**Exercise description**. Among the entries below, the lines from the one with "Rams also had" up to and including the one with "don’t get paid" are to be restated exactly, without pictures.
(Listed entries begins)
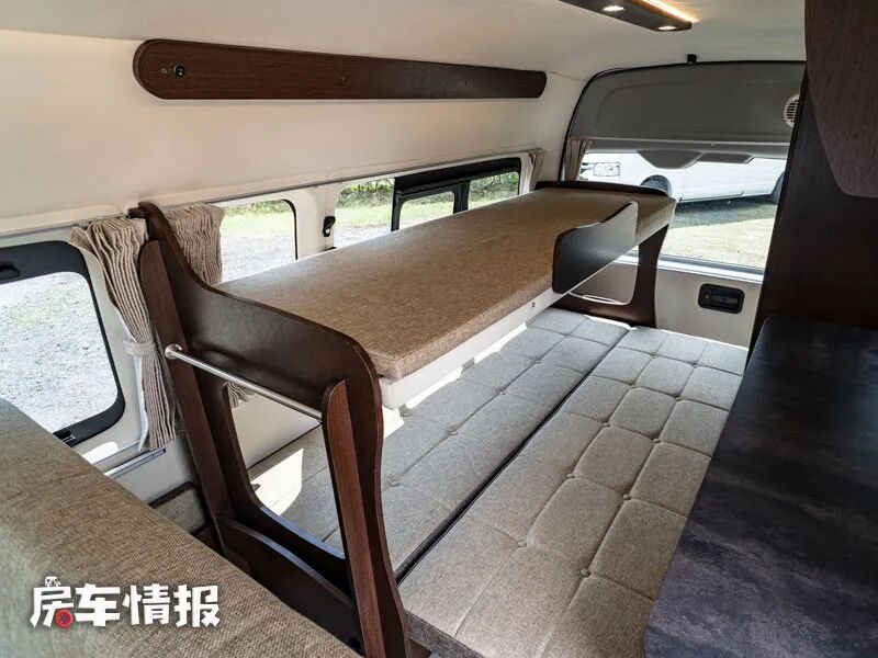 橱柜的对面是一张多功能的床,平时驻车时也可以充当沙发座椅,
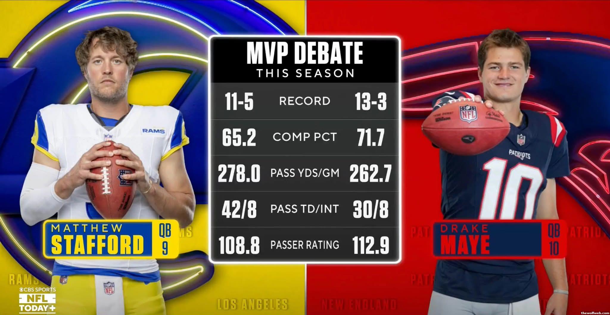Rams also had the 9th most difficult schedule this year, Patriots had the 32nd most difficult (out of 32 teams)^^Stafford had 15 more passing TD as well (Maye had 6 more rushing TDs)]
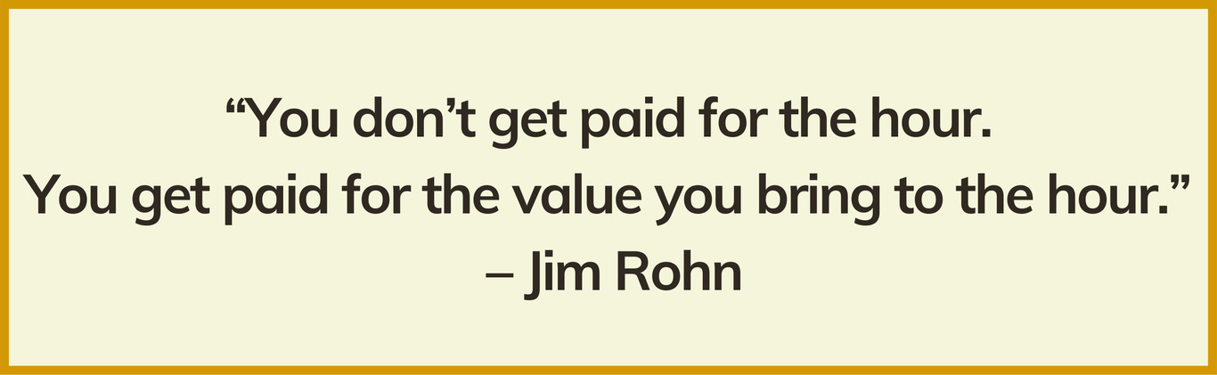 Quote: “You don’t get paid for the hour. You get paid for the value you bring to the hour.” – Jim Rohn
(Listed entries ends)
(Listed entries begins)
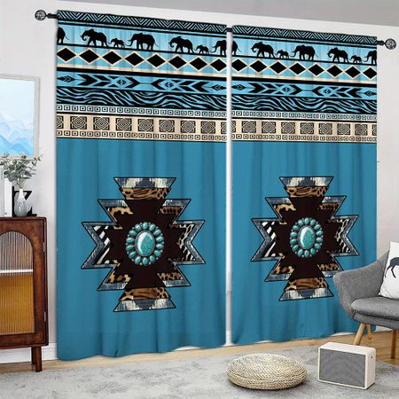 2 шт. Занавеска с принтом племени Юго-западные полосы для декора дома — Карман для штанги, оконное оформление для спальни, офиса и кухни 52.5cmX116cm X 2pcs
(Listed entries ends)
**Response to this exercise**.
Rams also had the 9th most difficult schedule this year, Patriots had the 32nd most difficult (out of 32 teams)^^Stafford had 15 more passing TD as well (Maye had 6 more rushing TDs)]
 Quote: “You don’t get paid for the hour. You get paid for the value you bring to the hour.” – Jim Rohn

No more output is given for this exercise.